Viele verbinden Heimat mit Personen, also dem Ort, an dem beispielsweise die Familie lebt oder der geliebte Partner („Home is, where the heart is“). In einer kleinen, nicht-repräsentativen, Studie unter spanischen Freunden nannten alle, dass Familie Heimat ausmacht. Spanische Freunde von mir, die in Deutschland aufgewachsen sind, fühle sich häufig in beiden Ländern beheimatet. Die meisten bleiben in Deutschland, weil die Familie dort bleibt oder würden nur gemeinsam zurück nach Spanien gehen.

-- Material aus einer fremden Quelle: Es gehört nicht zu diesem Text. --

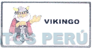 El logotipo conformado por la denominación VIKINGO escrita en letras características, al lado izquierdo la representación caricaturizada de un vikingo, con un casco gris, con cuernos amarillos y alrededor una cinta negra con círculos amarillos, barba de color blanca con vestimenta negra y capa roja, zapatos en color marrón y sosteniendo con la mano derecha una espada de color blanco en posición vertical y las manos en color anaranjado; conforme al modelo adjunto.
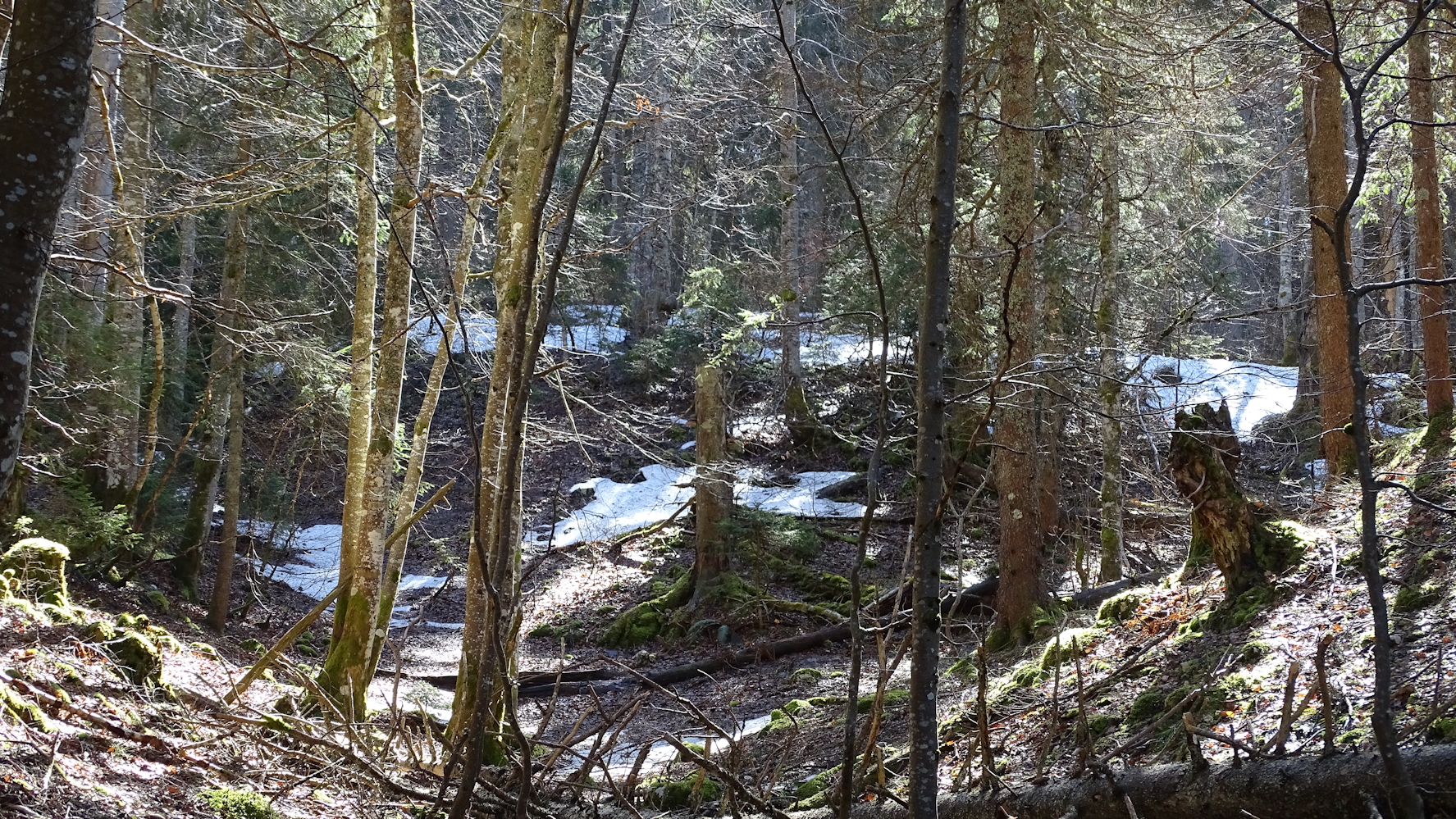A l'ombre des grands arbres, encore un peu de neige
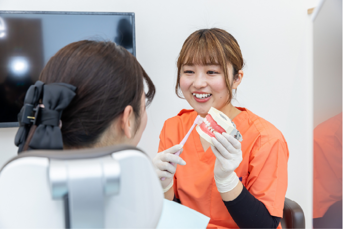 お子様が少しずつ歯医者に慣れていけるように、お子様の成長に合わせたサポートを行っています。虫歯にならないためのお口のケアや、歯並びのお悩みなど何でもお気軽にご相談ください。
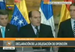 El presidente de la Asamblea Nacional, Julio Borges, ofreció declaraciones este sábado 2 de diciembre luego de culminada las discusiones con representantes del Gobierno en República Dominicana. Dijo que el próximo 15 de diciembre esperan finiquitar los acuerdos, con miras a unas elecciones presidenciales con garantías de seguridad.

Doch was ist mit denen, die in einem Land ihre Heimat sehen, ihnen diese aber abgesprochen wird? Wie es z.B. manchen Menschen mit Migrationshintergrund in Deutschland geht, obwohl sie dort geboren sind? Der 28-jährige -in Äthiopien geborene und zum Islam konvertierte- Sänger Ammar 114 stellt es in seinem Lied „Wir sind Deutschland“ so dar: „Wir sind Deutschland, ja wir sind ein Teil davon. Es wird Zeit, dass wir endlich volle Rechte bekommen. Wir sind Deutschland. Es wird Zeit, dass ihr das versteht, uns nicht mehr als Gäste seht. Unsere Kinder sind hier geboren, manche fragen sich, was haben die hier verloren. […] Wir zahlen deutsche Steuern, haben investiert, in den deutschen Staat, der uns jetzt attackiert, uns nicht respektiert, uns die Rechte nimmt. Wir sollen uns integrieren, auch wenn wir Deutsche sind. […] Haben mit euch aufgebaut, lang genug habt ihr auf uns herab geschaut. Es ist Zeit, dass ihr das versteht, uns als Bürger und nicht mehr als Gäste seht. Ihr wollt uns ausweisen oder raus schmeißen, wir sollen nach eurer Pfeife tanzen oder heim reisen? Hier ist unsere Heimat, also was ist euer Ziel? Soll ich als deutscher Flüchtling ins Exil?“ Quelle: http://www.bpb.de . In genau diesem Moment, wo ich diesen Artikel schreibe, entdecke ich eine Nachricht über Herbert Grönemeyer, der seinen ersten Deutsch-Türkischen Song herausgebracht hat „Doppelherz / Iki Gönlüm“. Auf die Frage nach dem Hintergrund sagt er: „…Es geht um diese Vielfalt, die wir in Deutschland haben. Ich bin selber im Ruhrgebiet aufgewachsen. In den 50er, 60er Jahren kamen in unser graues Ruhrgebiet Menschen aus Griechenland, Spanien und Italien, aus Polen, aus der Türkei und der ganzen Welt, und wir waren damals stolz, dass sie überhaupt zu uns kamen….“ (www.wdr.de).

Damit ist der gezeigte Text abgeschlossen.